**Work task**
Please give the whole listing again exactly, without any of its pictures.

**Data supplied**
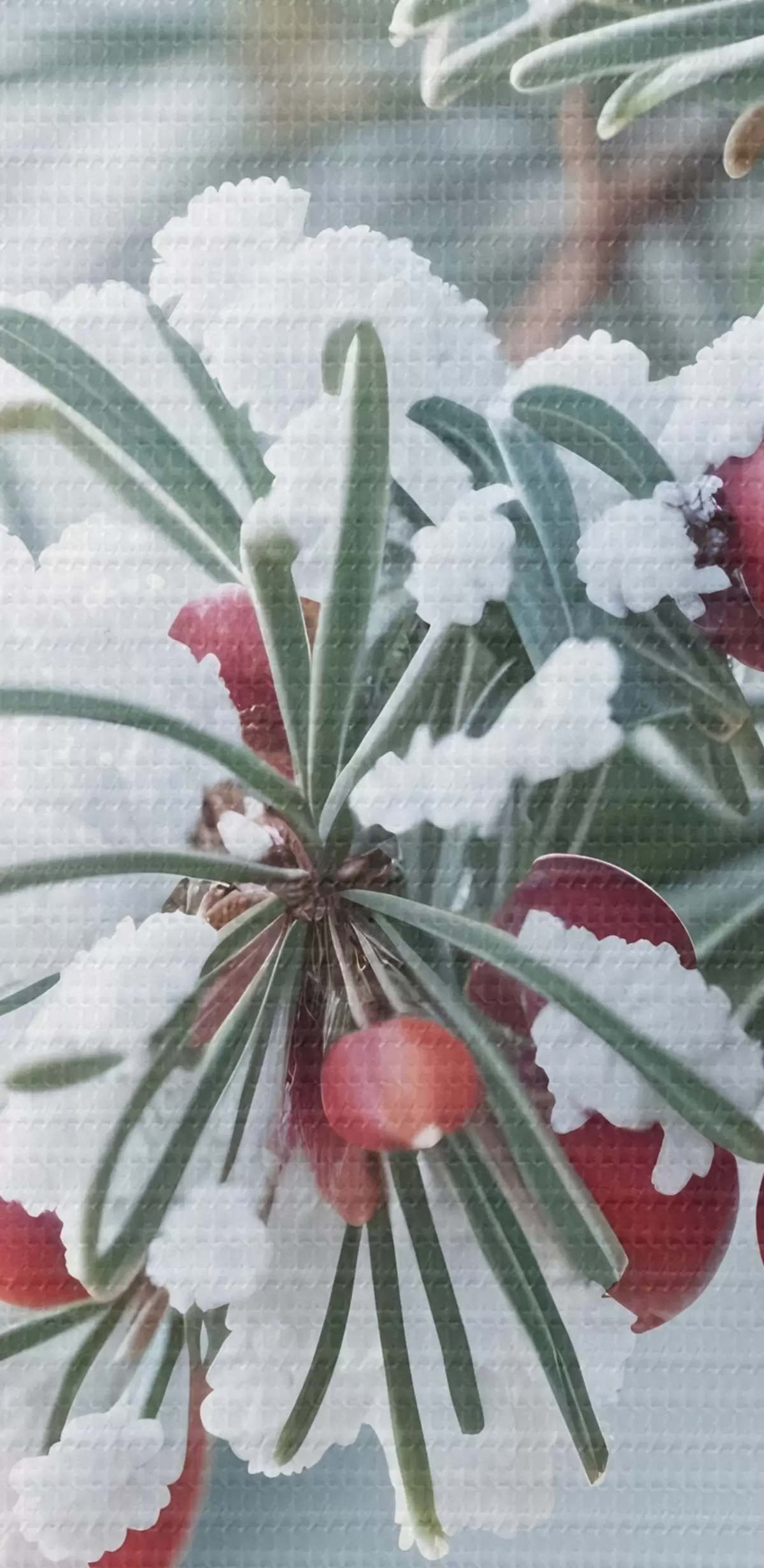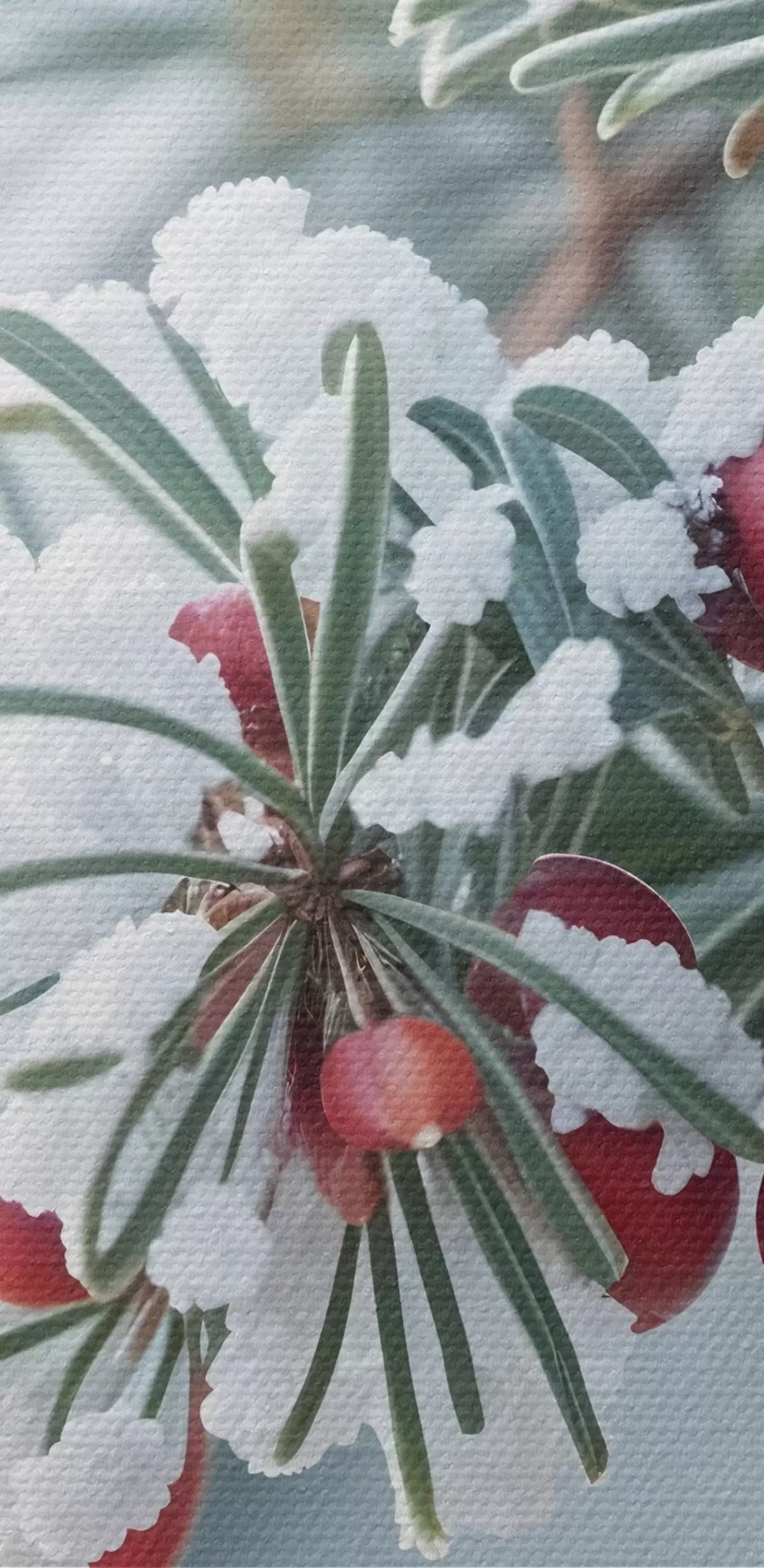 Schilderij Besneeuwde dennentak met rode bessen , winterscène Art. s42238
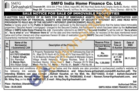 A Property Residential House, Plot No 90 Admeasuring East 20 Fit, West 20 Fit North 40 Fit South 40 Fit Total Area 800 Sq.fit l.e. 74.34 Bearing Its Khasra No. 2619, Situated At Mahadev Greens, Village Anneki Hetampur, Pargana Roorkee. Tehsil & Distt. Haridwar Having House Over Il East: Passage 20 Fit Wide West:- Plot No. 117, North: Plot No. 91. South: Plot No. 89.
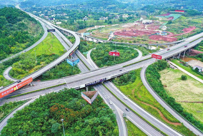 10月18日拍摄的南充市顺庆区,多条高速公路通过互通工程紧密连接在一起。 黎涛摄(资料图片)
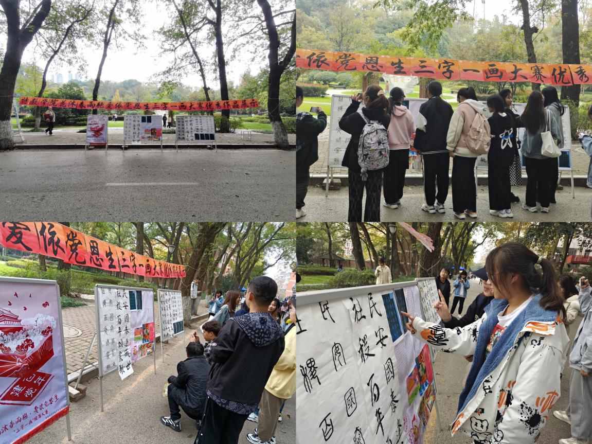 经过激烈角逐,最终选出获奖作品,并于11月17日在学校林荫道进行作品展示。落叶飘飞,墨香弥漫,在环绕大自然气息的林荫道旁,学院向全校师生呈现了一场视觉盛宴,过往的人群纷纷驻足欣赏,完全沉浸于书香世界
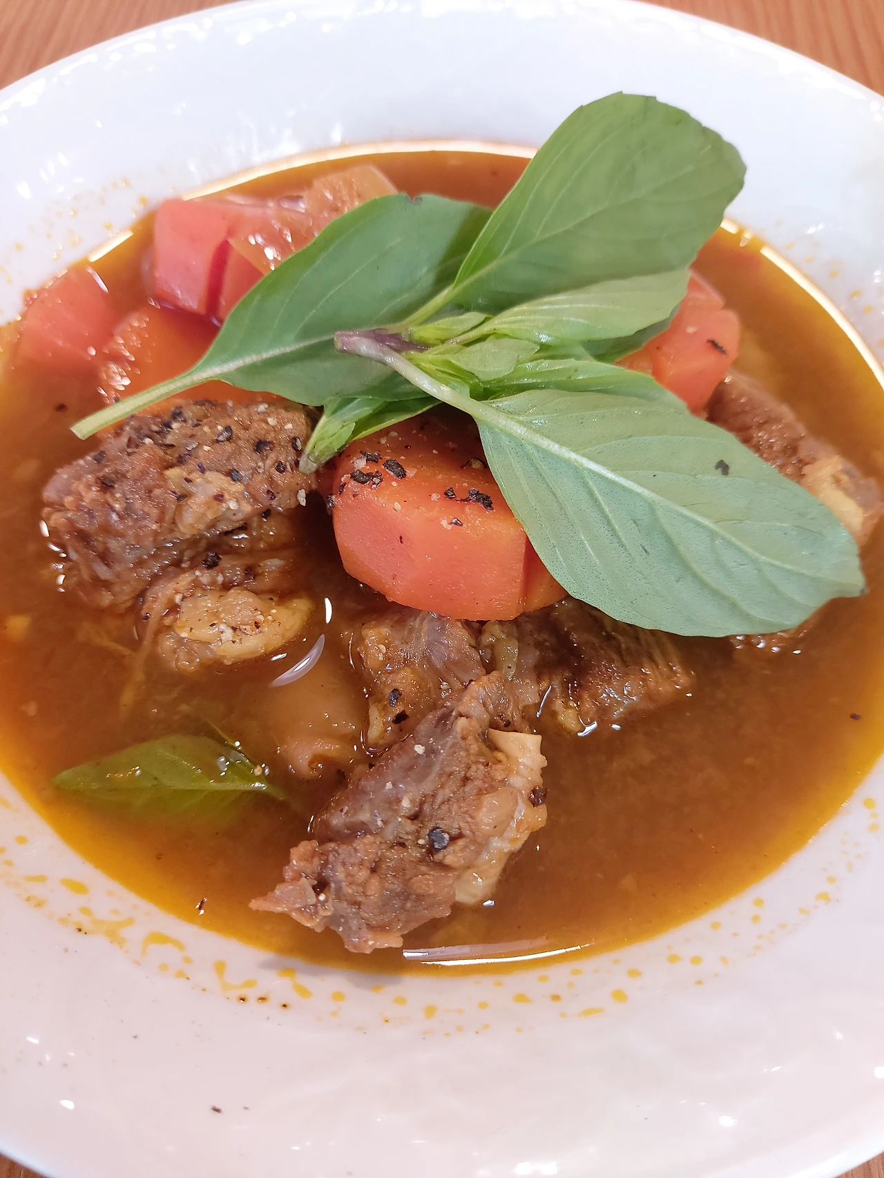 거기서 팔던, 바게뜨 빵과 소고기 수프.
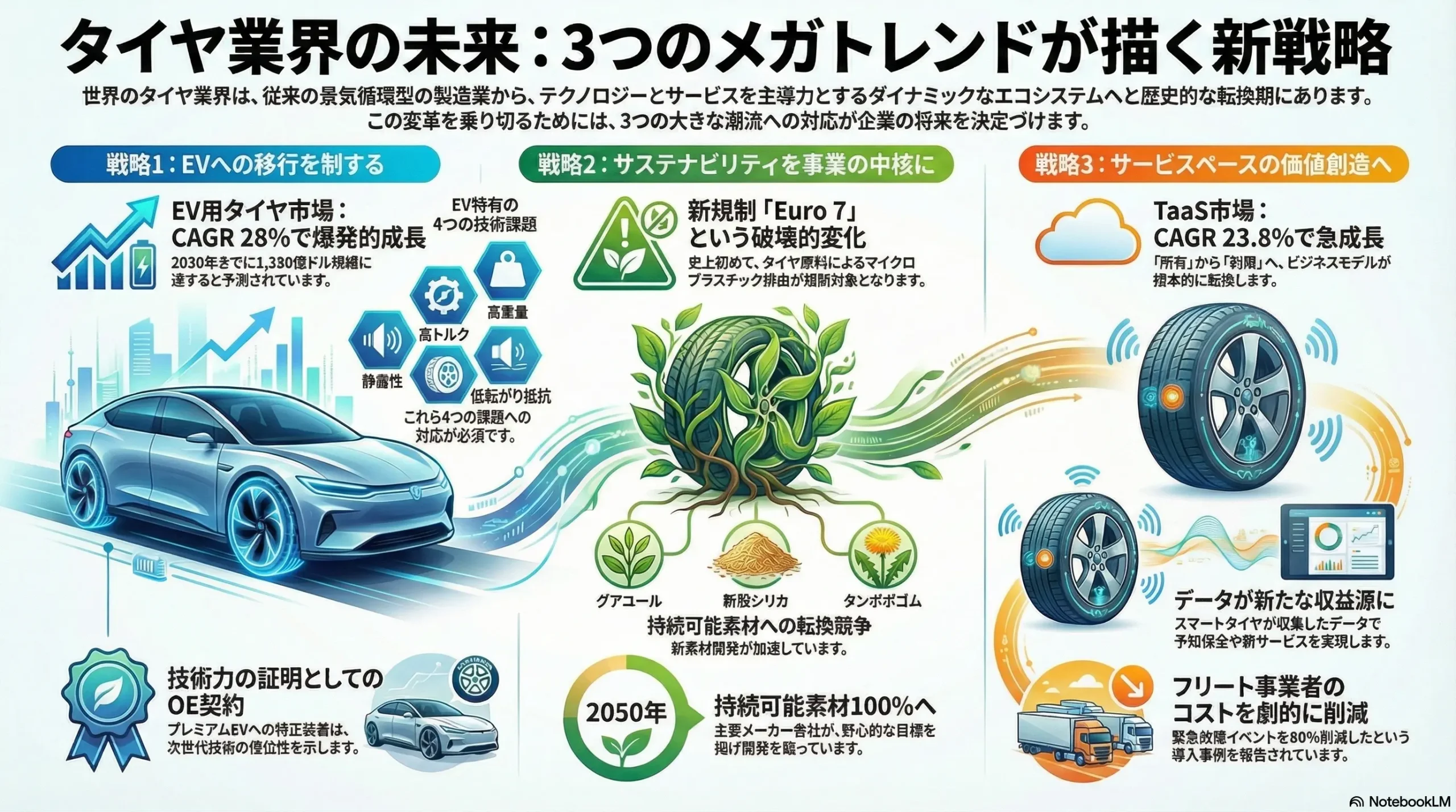 分析の結果、今後のタイヤ業界における企業の成功は、以下の3つの戦略的必須事項への対応能力によって決定されると結論付けられる。

**Written solution**
 Schilderij Besneeuwde dennentak met rode bessen , winterscène Art. s42238
 A Property Residential House, Plot No 90 Admeasuring East 20 Fit, West 20 Fit North 40 Fit South 40 Fit Total Area 800 Sq.fit l.e. 74.34 Bearing Its Khasra No. 2619, Situated At Mahadev Greens, Village Anneki Hetampur, Pargana Roorkee. Tehsil & Distt. Haridwar Having House Over Il East: Passage 20 Fit Wide West:- Plot No. 117, North: Plot No. 91. South: Plot No. 89.
 10月18日拍摄的南充市顺庆区,多条高速公路通过互通工程紧密连接在一起。 黎涛摄(资料图片)
 经过激烈角逐,最终选出获奖作品,并于11月17日在学校林荫道进行作品展示。落叶飘飞,墨香弥漫,在环绕大自然气息的林荫道旁,学院向全校师生呈现了一场视觉盛宴,过往的人群纷纷驻足欣赏,完全沉浸于书香世界
 거기서 팔던, 바게뜨 빵과 소고기 수프.
 分析の結果、今後のタイヤ業界における企業の成功は、以下の3つの戦略的必須事項への対応能力によって決定されると結論付けられる。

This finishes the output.